Filme do Dia: Manji (1964), Yasuzo Masumura
Manji (Japão, 1964). Direção: Yasuzô
Masumura. Rot. Adaptado: Kaneto Shindô, a partir do romance. Fotografia: Setsuo
Kobayashi. Música: Tadashi Yamauchi. Montagem: Tatsuji Nakashizu. Dir. de arte:
Tomoo Shimogawara. Com: Kyôko Kishida, Ayako Wakao, Yûsuke Kawazu, Eiji
Funakoshi, Ken Mitsuda, Reiko Hibiki, Fumiko Murata, Kyoko Nagumo.
Sonoko (Kishida),
aborrecida com seu cotidiano conjugal, apaixona-se perdidamente por Mitsuko
(Wakao), sensual moça que conhece na escola de arte que frequenta. As duas
passam a viver uma relação que o marido de Sonoko, Kotaro (Funakoshi) se torna
consciente. Sonoko descobre que Mitsuko é noiva do mau caráter e chantagista
Watanuki (Kawasu). Após tempos desaparecida, Mitsuko volta a procurar Sonoko
alegando se encontrar grávida de Watanuki. As duas forjam uma tentativa de
suicídio com soníferos que resulta, após a chegada de Kotaro, na relação entre
esse e Mitsuko, que provoca ciúmes doentios de Sonoko. Watanuki revela o triângulo
amoroso para a imprensa, comprometendo a carreira de advogado de Kotaro.
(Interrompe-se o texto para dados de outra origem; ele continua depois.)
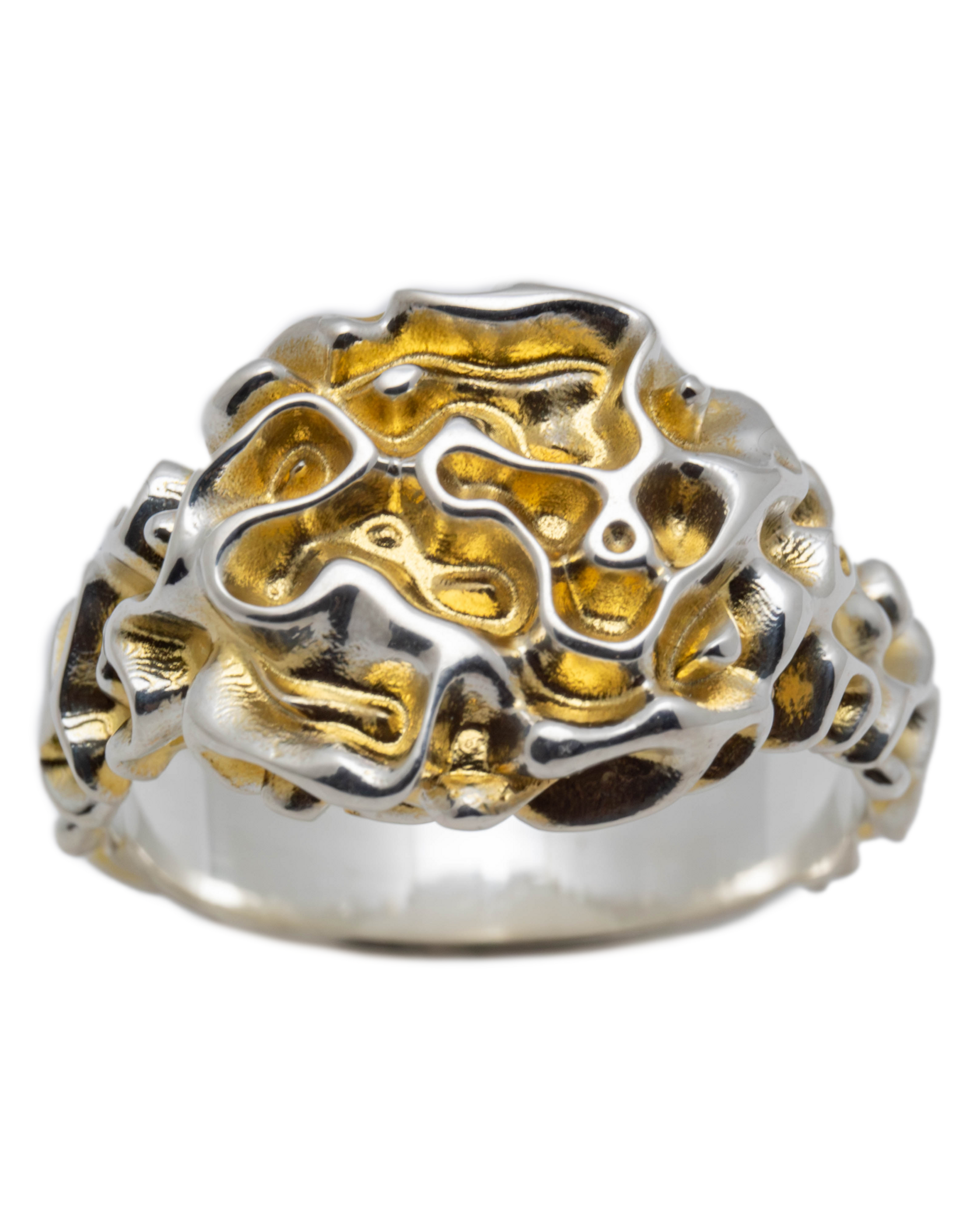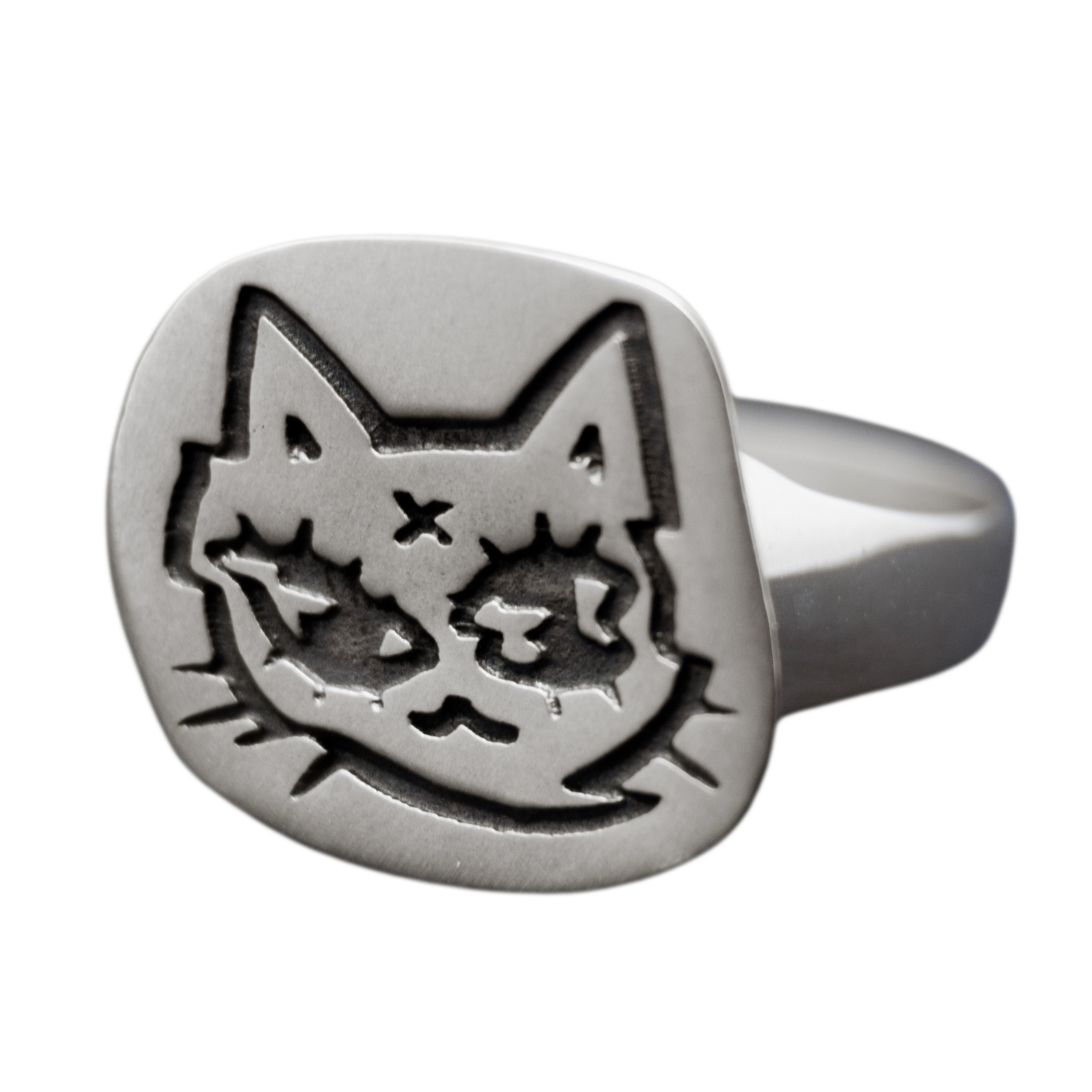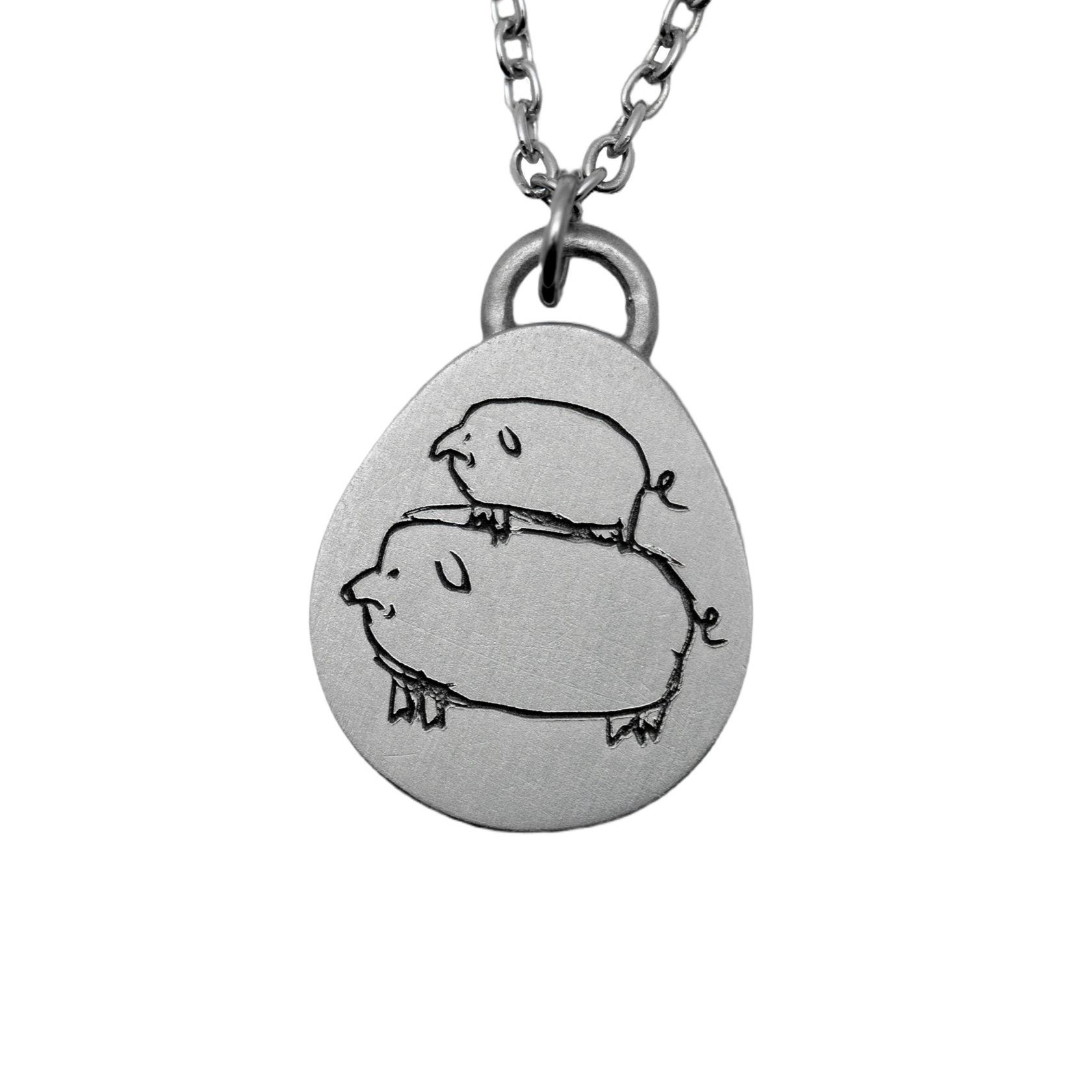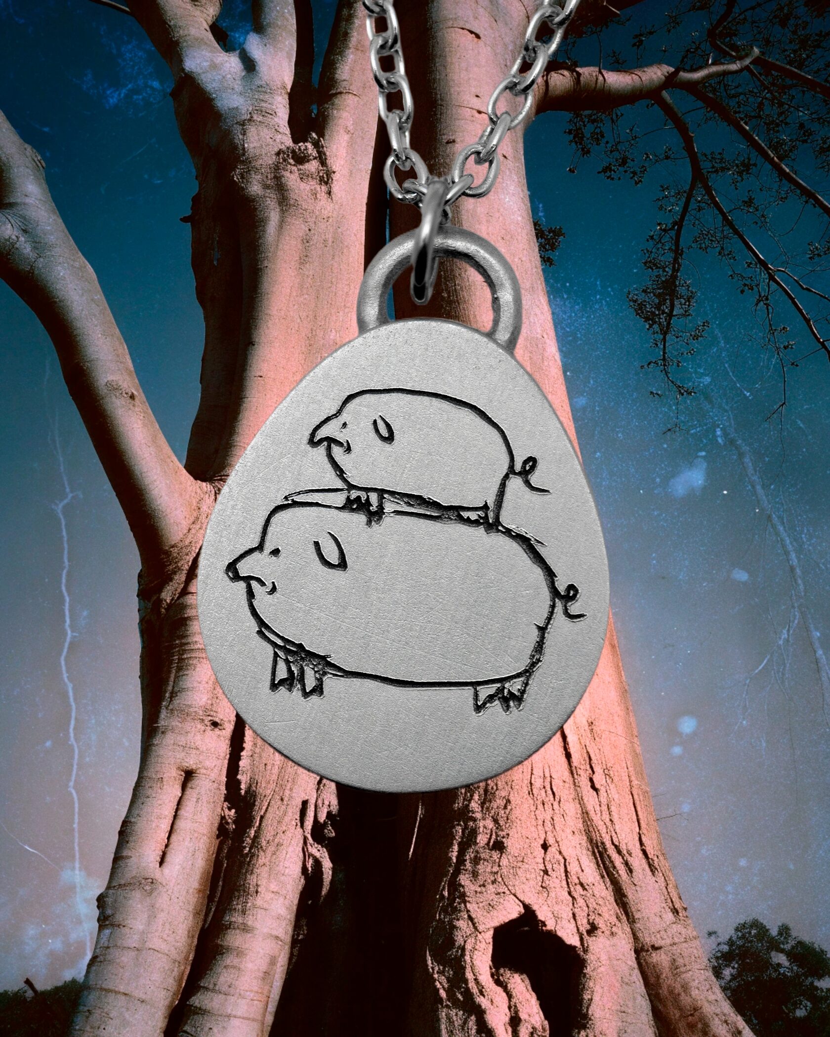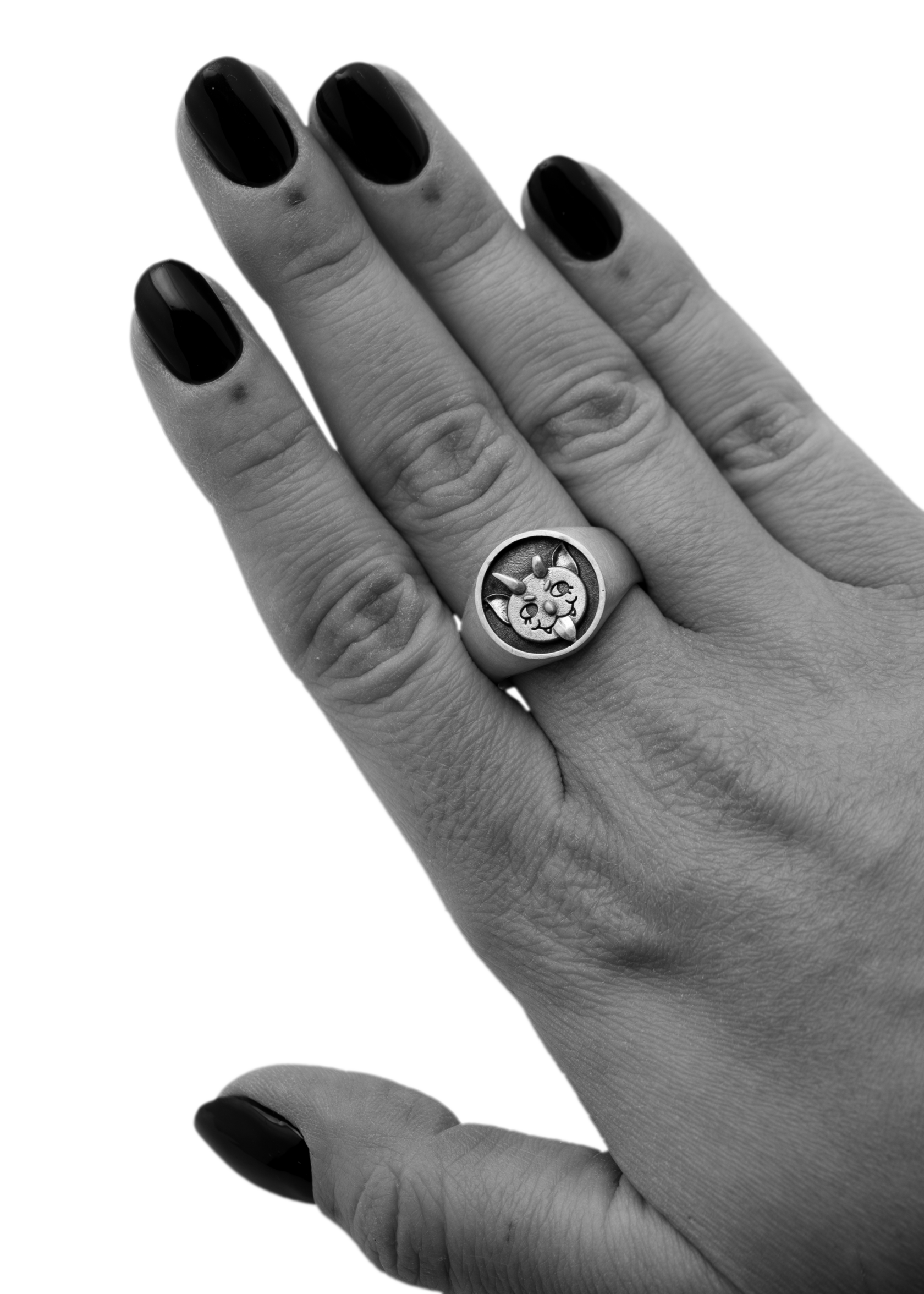 Клянусь, я видела старинный герб со свиньями стоявшими одна на другой, но с тех пор я не могу его найти. Гонимая этой идеей я сделала хаотичный скетч, под него мы сделали форму печатки в форме яйца и вот результат — обожаю это кольцо, одно из моих любимых.

Mitsuko passa a ser disputada pelo casal que os induz a uma crescente
dependência dos soníferos e, no limite, a um pacto de morte entre os três, dos
quais apenas Sonoko sobrevive para contar a história.
O talento e a
versatilidade de Masumura trafega de dramas contemporâneos de extrema ousadia
na abordagem do desejo feminino, inclusive, como esse até produções que seguem
a tradição dos amantes renegados, mais próxima de Mizoguchi, e igualmente
filmadas de modo mais clássico e em p&b, como A Esposa de Seisaku, filmado inclusive após esse! Narrado enquanto
representação visual das declarações de Sonoko para um escritor, que bem
poderia ser duplo de um psicanalista, o filme surpreende pela ousadia na
representação do amor lésbico, ainda que sob o subterfúgio de uma visada do
belo enquanto objeto de apreciação estética, na cena de talvez maior voltagem
erótica. E, para além disso, traz dentre
suas maiores virtudes a própria reflexão retrospectiva que Sonoko apresenta de
seus sentimentos – como quando, referindo-se a uma briga que tivera
com o marido, seu esforço de representação a fez chorar de fato; inspirada
evocação meta-discursiva que põe em xeque justamente a interação humana como uma
representação por si própria e sua aproximação, consequentemente, com o cinema
que a retrata. Assim como uma estética tão excessiva que parece dialogar,
conscientemente, com o humor latente que pode gerar, sem com isso neutralizar
sua porção dramática, numa estratégia evocativa de Fassbinder. Por fim, resta
ressaltar que uma das maiores forças do filme resulta justamente na eterna
incerteza que domina, do início ao final, a insegurança de sua protagonista com
relação aos sentimentos e situações vivenciadas com Mitsuko – tratava-se
somente de uma oportunista? Havia excluído ela do pacto de morte
propositalmente para fazê-la sofrer através de sua sobrevivência? Muitas das
lacunas deixadas pela narrativa, portanto, podem ser apreciadas enquanto
representação mimética da insegurança de alguém que nunca teve confiança plena
de se sentir amada. Daiei Studios. 91 minutos.